$\ker(A)=\text{Im}(A^*)^\perp$ How do I show that $\ker(A)=\text{Im}(A^*)^\perp$ for any square matrix $A$.  I have done this problem before with the linear operator $T$ on a hermitian space but I can't seem to apply what I have done in that problem here.

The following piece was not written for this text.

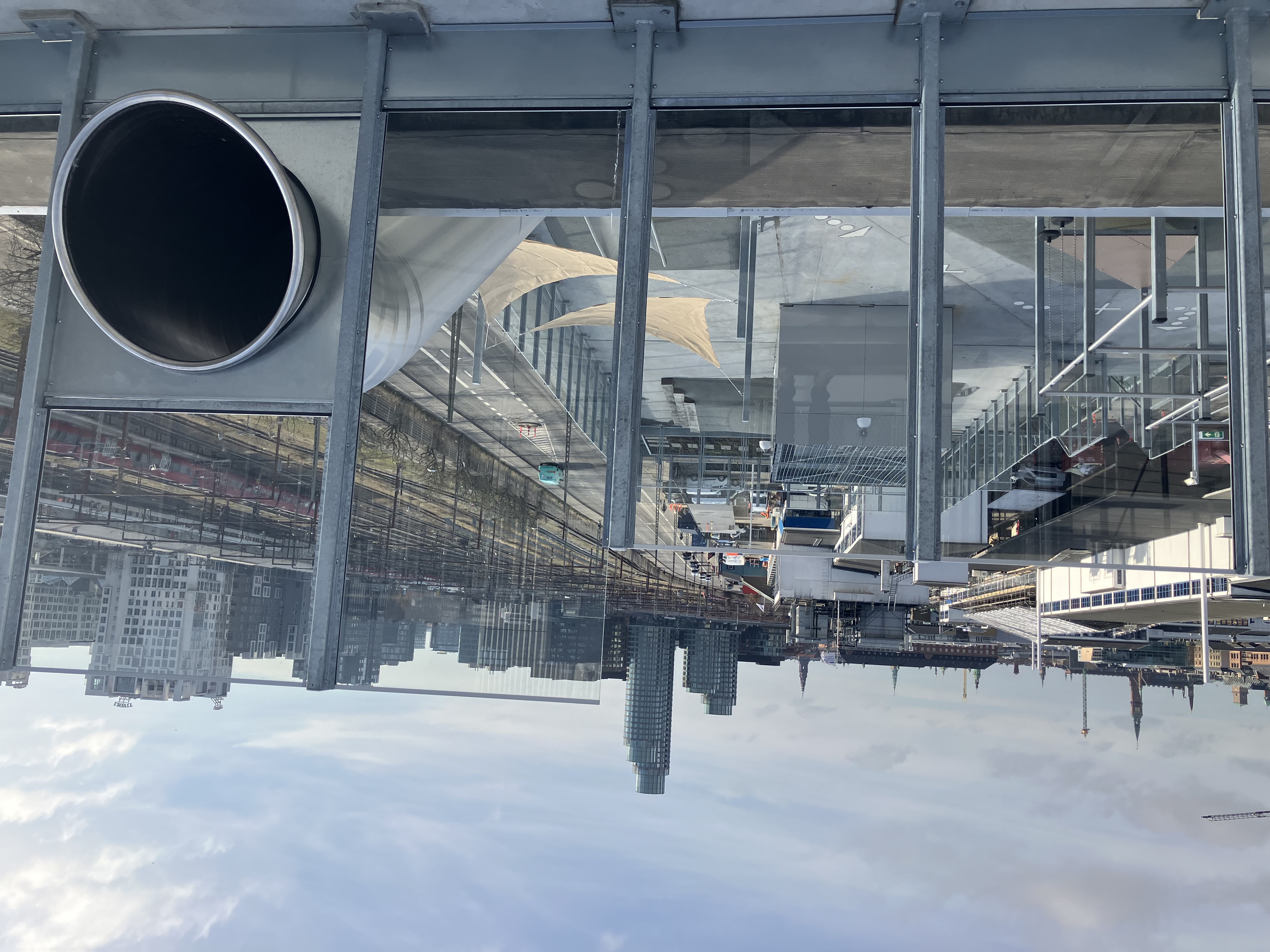 Udsigt over en by fra en bygning med glasværn, jernbanespor i midten og høje bygninger i baggrunden.

 A: Let $x\in\ker A$ and $y\in \operatorname{im} A^*$ then there's $z$ such that $y=A^*z$ and then
$$\langle x,y\rangle=\langle x,A^*z\rangle=\langle Ax,z\rangle=\langle 0,z\rangle=0$$
so we proved that $\ker A\subset (\operatorname{im} A^*)^\perp$. Now let $x\in(\operatorname{im} A^*)^\perp$ so for every $y\in \operatorname{im} A^*$ we have
$0=\langle x,y\rangle$ so 
$$\forall z\in V,\quad 0=\langle x,A^*z\rangle=\langle Ax, z\rangle\implies Ax=0\implies x\in\ker A$$
and then we have $(\operatorname{im} A^*)^\perp\subset \ker A$. The equality follows by double inclusion.
A: Let the rows of $A$ be denotes $A_i$. A vector $v$ is in the kernel if $A_i v = 0$ for all $i$, right? 
Something is in the image of $A^{*}$ if it's a linear combination of the columns of $A^{*}$, which are the rows of $A$. So the image of $A^{*}$ consists exactly of values of expressions of the form
$$
\sum_i c_i A_i.
$$
If $w$ is perpendicular to all such expressions, then it's perpendicular to $A_1$ (by choosing $c_1 = 1, c_2 = 0, c_3 = 0, ...$) and similarly for all other $A_i$. In other words, the right hand side is contained in the left. 
I think you can probably work out the rest from here; if not, just ask and I'll finish it up.